Она любила смотреть, как он работает. Теперь ему было дозволено приходить в пустующий дом, бывшую мастерскую резчика лодок, и выходить в город. За ним всегда следовал дозорный, но он будто не думал о слежке, беспечно обсуждая с ним погоду, природу, удивительной силы дожди и очередную дворцовую сплетню. Ночевал он все чаще тоже в мастерской, и она понимала, почему — там он чувствовал себя хотя бы ненадолго свободным.
Она тоже часто приходила в мастерскую, смотрела, как он работает, медленно и кропотливо вырезая штихелем гриву лошади, шишки на елке, перья дивной птицы. Его узкие глаза, щурясь, превращались в тоненькие щелочки, на загорелый лоб падала короткая седая прядь, и за работой он частенько грыз орехи, говорил, что это помогает сосредоточиться.

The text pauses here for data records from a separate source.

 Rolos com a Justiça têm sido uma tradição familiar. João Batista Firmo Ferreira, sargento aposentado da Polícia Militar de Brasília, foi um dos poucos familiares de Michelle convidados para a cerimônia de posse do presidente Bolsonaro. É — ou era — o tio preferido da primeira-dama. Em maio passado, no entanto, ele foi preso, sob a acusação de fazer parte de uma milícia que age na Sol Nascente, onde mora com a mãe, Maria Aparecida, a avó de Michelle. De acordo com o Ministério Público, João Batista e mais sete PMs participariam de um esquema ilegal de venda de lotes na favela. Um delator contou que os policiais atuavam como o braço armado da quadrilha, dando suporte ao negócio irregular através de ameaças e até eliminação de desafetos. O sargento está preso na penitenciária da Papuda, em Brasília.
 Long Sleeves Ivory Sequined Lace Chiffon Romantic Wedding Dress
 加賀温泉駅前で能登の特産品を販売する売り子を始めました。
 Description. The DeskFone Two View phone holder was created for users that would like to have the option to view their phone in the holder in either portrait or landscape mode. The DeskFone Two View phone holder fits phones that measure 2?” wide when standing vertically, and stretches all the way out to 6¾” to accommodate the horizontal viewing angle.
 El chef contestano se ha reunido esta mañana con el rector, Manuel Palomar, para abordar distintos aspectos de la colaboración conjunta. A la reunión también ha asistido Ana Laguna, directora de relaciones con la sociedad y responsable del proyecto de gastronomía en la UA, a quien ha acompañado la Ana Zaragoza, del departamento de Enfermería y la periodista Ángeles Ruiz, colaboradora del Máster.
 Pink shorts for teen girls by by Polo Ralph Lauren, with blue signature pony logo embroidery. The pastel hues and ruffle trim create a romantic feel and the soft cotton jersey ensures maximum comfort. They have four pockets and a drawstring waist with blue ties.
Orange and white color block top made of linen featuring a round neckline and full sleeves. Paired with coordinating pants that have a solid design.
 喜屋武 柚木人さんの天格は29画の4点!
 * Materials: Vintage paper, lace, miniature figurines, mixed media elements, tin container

В мастерской пахло кедром, свечным салом и сушеными фруктами, и там всегда было тепло — привыкший к очагу в юрте, он не представлял свой дом без огня, а мастерская со временем стала почти настоящим домом.
Она могла подолгу сидеть молча, подперев голову обеими руками, и наблюдать, как под его инструментами мертвый, безмолвный камень превращается в живую фигурку. Но фигурки, украшения и блеск драгоценностей ей были совсем неинтересны; куда больше интереса вызывал он сам. Она смотрела на него, словно старалась запомнить каждую морщинку на смуглом, тронутом темной щетиной лице, остановить в памяти каждую редкую улыбку и взгляд в ее сторону. Он знал, что она смотрит, и поначалу смущался, а потом перестал обращать внимание. Но и не прогонял.
Осмелев, она подходила ближе, брала камни в руки, разглядывала сколы и трещины, нарочно отыскивая изъяны. Он говорил, что несовершенство делает камень живым — за гладкую отполированную поверхность глаз не зацепится, а вот проблески другого цвета, неровный срез, напоминающий полумесяц, белые прожилки, словно трещины — это заставляет задуматься, что было в прошлом у этого камня, откуда взялись эти трещины и искорки? Так и с людьми — одних видно сразу и можно читать, как бамбуковую дощечку, а другие каждый раз поворачиваются новой, удивительной гранью.
— Ты так красиво говоришь о них, как о живых.
— Они — главное, благодаря чему я до сих пор жив.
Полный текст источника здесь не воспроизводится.